__Try it__. From the entries below, reproduce exactly the lines from the one with "The following images" through the one with "Collar Corazón con", both included, without images.

__Provided data__.

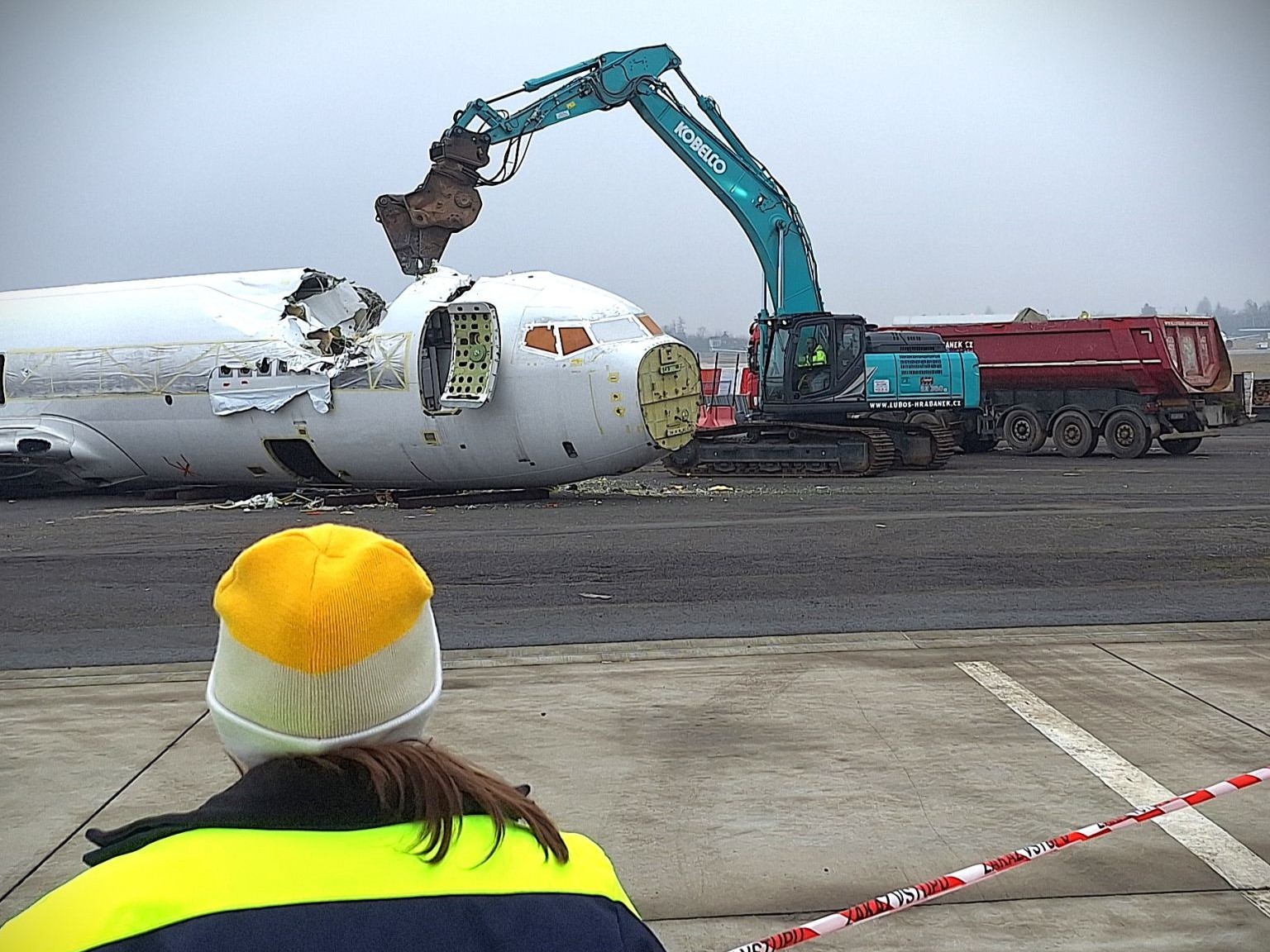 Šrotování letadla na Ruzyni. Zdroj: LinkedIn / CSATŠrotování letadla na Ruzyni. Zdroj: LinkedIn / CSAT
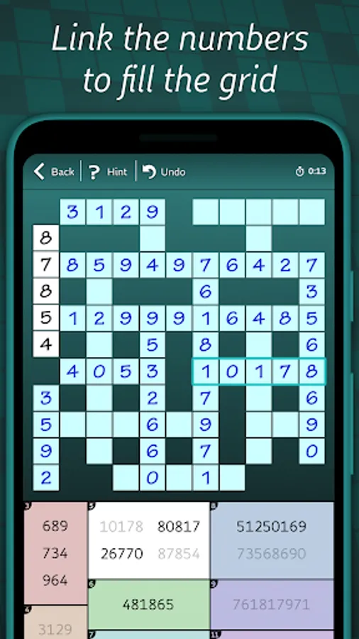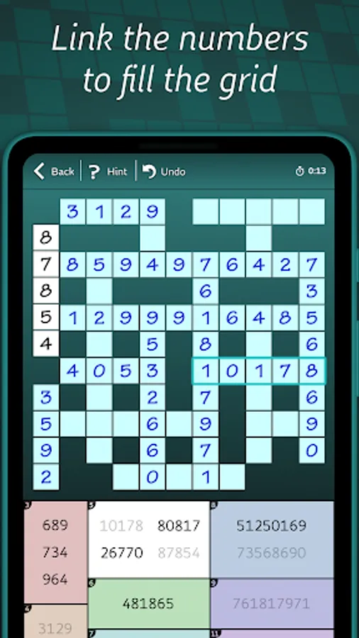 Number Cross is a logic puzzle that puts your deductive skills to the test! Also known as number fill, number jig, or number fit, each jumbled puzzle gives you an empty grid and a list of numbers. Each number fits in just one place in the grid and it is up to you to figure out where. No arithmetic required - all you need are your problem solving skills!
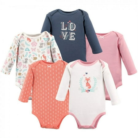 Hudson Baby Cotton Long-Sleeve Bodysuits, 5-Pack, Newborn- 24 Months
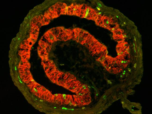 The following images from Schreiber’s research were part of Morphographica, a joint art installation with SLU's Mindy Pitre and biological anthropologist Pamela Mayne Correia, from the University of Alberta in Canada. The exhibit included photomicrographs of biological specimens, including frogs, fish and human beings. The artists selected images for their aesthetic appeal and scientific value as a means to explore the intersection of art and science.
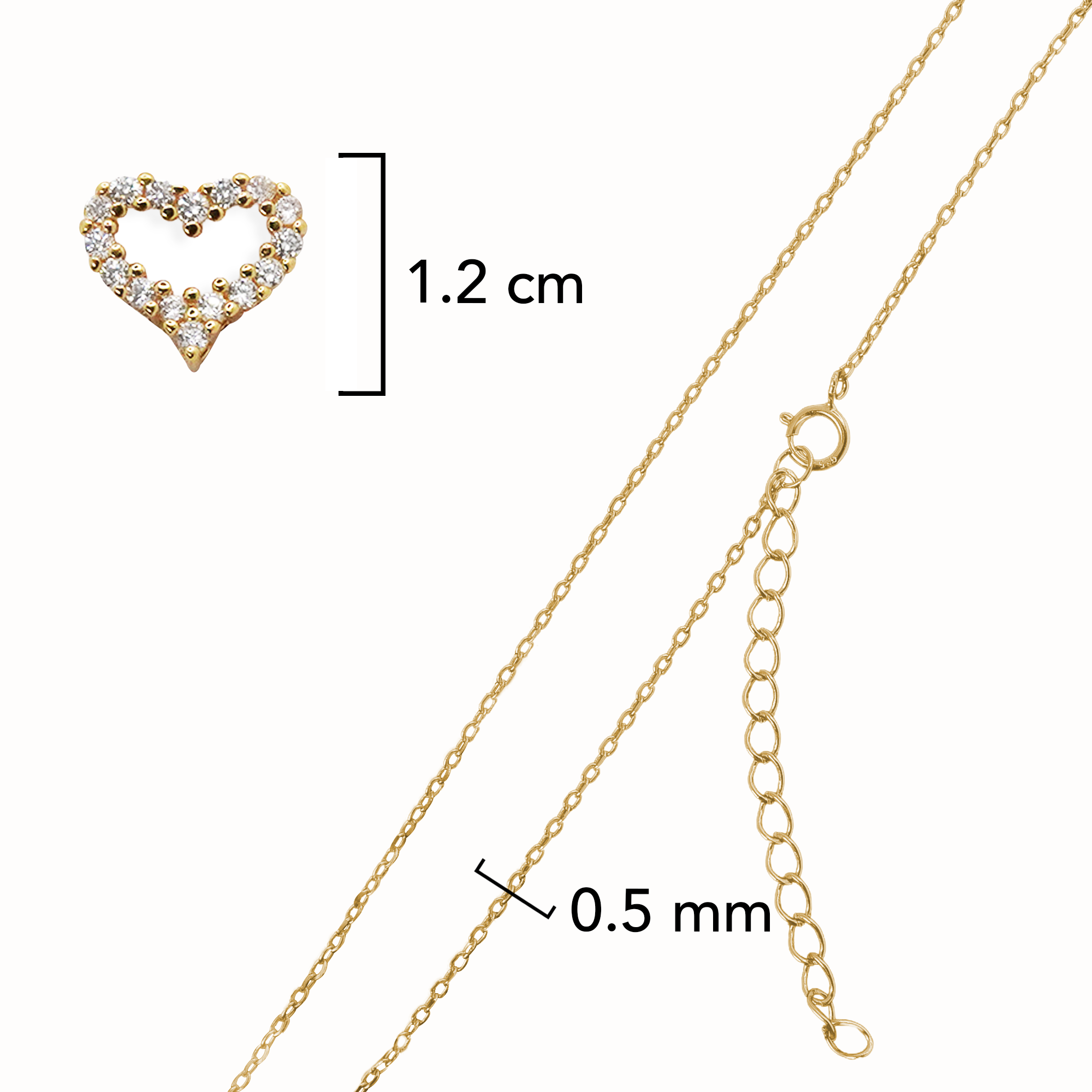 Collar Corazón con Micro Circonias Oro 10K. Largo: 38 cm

* * *

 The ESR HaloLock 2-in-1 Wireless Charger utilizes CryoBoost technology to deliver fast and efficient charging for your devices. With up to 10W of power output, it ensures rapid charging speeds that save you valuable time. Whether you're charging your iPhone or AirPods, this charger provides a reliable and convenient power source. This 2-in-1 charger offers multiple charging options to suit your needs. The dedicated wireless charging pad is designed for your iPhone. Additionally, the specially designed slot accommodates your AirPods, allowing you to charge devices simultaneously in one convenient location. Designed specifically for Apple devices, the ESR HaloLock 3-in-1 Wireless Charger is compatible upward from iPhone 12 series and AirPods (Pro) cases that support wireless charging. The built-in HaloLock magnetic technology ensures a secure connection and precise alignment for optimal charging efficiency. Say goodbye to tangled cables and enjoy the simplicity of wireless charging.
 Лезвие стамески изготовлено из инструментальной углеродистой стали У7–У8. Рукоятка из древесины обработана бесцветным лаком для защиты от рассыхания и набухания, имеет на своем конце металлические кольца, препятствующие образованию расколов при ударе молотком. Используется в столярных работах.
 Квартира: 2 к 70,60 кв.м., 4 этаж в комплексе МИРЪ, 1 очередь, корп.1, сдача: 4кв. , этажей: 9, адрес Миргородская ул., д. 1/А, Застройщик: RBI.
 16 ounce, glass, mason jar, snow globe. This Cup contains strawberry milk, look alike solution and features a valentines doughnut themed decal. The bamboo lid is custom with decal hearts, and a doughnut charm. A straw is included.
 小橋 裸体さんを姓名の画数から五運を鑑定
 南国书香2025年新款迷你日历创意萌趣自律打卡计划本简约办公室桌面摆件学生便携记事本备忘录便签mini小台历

__Response for this exercise__.
 The following images from Schreiber’s research were part of Morphographica, a joint art installation with SLU's Mindy Pitre and biological anthropologist Pamela Mayne Correia, from the University of Alberta in Canada. The exhibit included photomicrographs of biological specimens, including frogs, fish and human beings. The artists selected images for their aesthetic appeal and scientific value as a means to explore the intersection of art and science.
 Collar Corazón con Micro Circonias Oro 10K. Largo: 38 cm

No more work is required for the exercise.